The presentation is minimal, understated and clean. Arriving on a long ceramic plate straight outta Surfas the softball of a burger sits proudly. The burger bun is always eye-catching, a little too big, like button cap mushroom that dwarfs the rest of a substantial setup by comparison. The patty is generous, cooked medium and finely seasoned. The addition of bacon lardons, thick ends of smoky-salty-fatty chunks of pork, adds depth to the fairly straightforward beefiness of the burger. The onion strings bludgeon the taste buds with a similar smoky profile. There is also an aioli replete with horseradish, not listed in the ingredients that add sharpness to each bite, keeping the salinity in check. The burger is calculated and though it spares greens—in display or on the burger—all else is covered.

If you grow up in a Dutch household, the potato is the only vegetable you are comfortably attuned with, at least in my household, so the smushed option seemed fitting. A double fried Dutch yellow creamer with a measured sprinkle of coarse salt sitting atop a rich creamy fry sauce (in the same ilk as the friet met—the mayo-driven accompaniment to the frietjes of the Netherlands or Belgium), complimented the meal and were a welcome reprieve to French fries, though the sides still did not top my favorite at the Golden State.

On a whole, much like the other times I went to Umami, I left satisfied by the burger, not feeling like I had transcended time, or had a mind-altering experience with fleeting bits of ecstasy but rather a very carefully crafted burger.
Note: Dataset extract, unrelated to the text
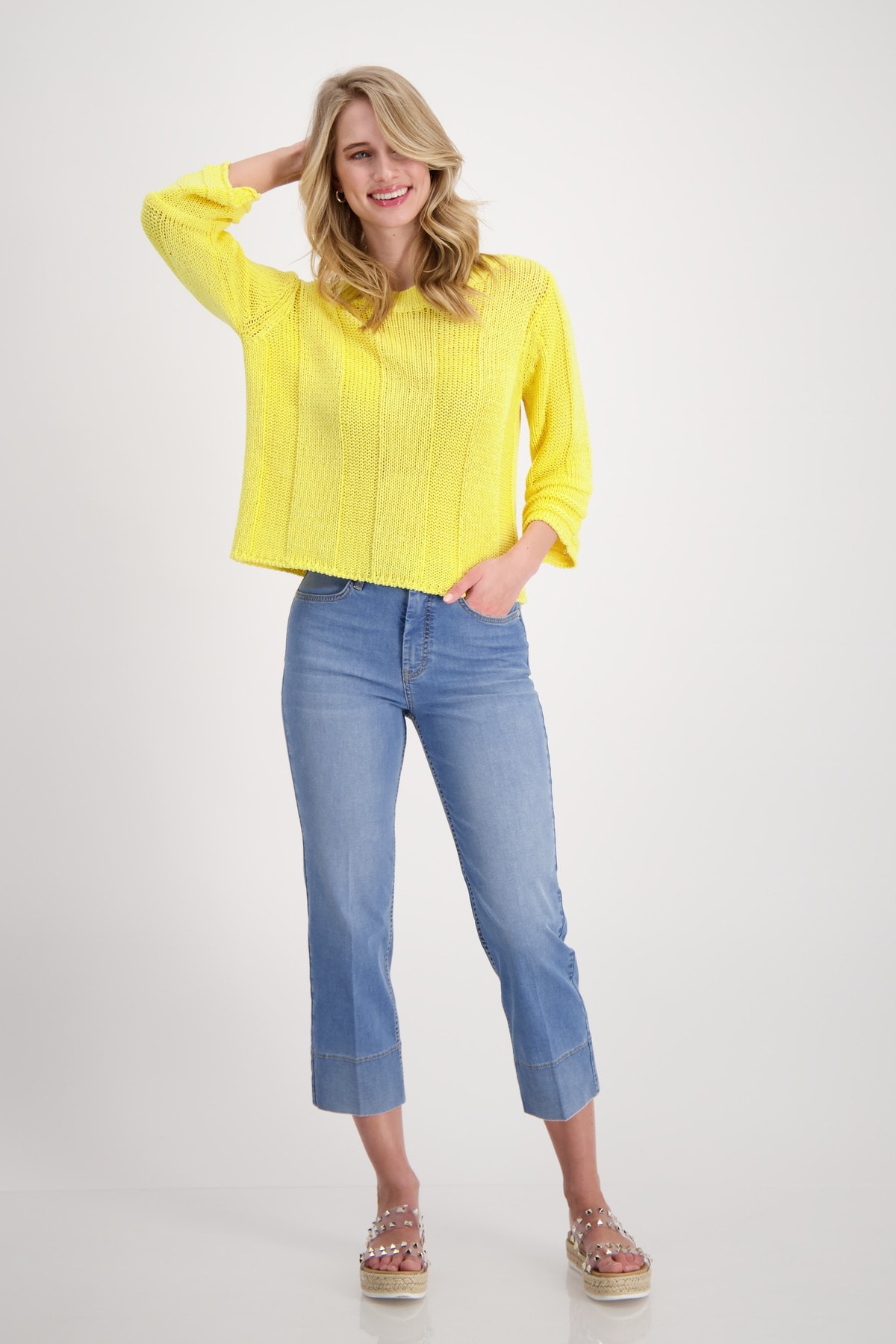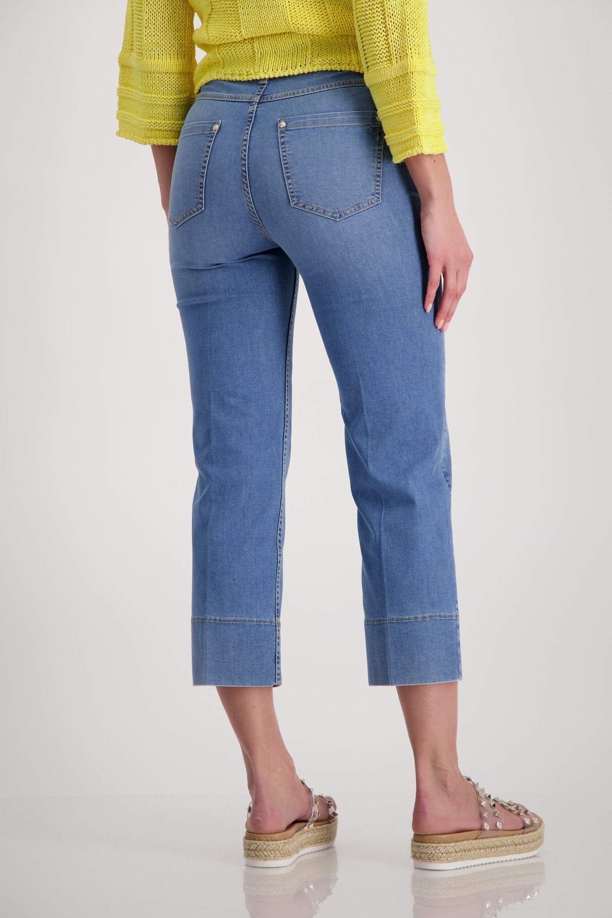 Джинсовые брюки Bootcut 3/4 из высококачественного эластичного хлопка создают удобный и стильный вид. Нормальная высота талии. Боковые карманы. Накладные задние карманы. Широкая кромка внизу штанин. Длина внутренней штанины для всех размеров составляет 64 см.

I admire Alan Richman—that heavily decorated food writer for GQ—for the gumption to extol Umami openly; I am not so outward in my adoration, believing more can always be done and to never become too comfortable (Thanks Dad!). I do feel that aside from the burger being marred by inconsistent service (a definite factor in any restaurant receiving nearly perfect accolades) it offers a bounty of goodness. Enough so that you too, should try it for yourself. Douzo meshiagare.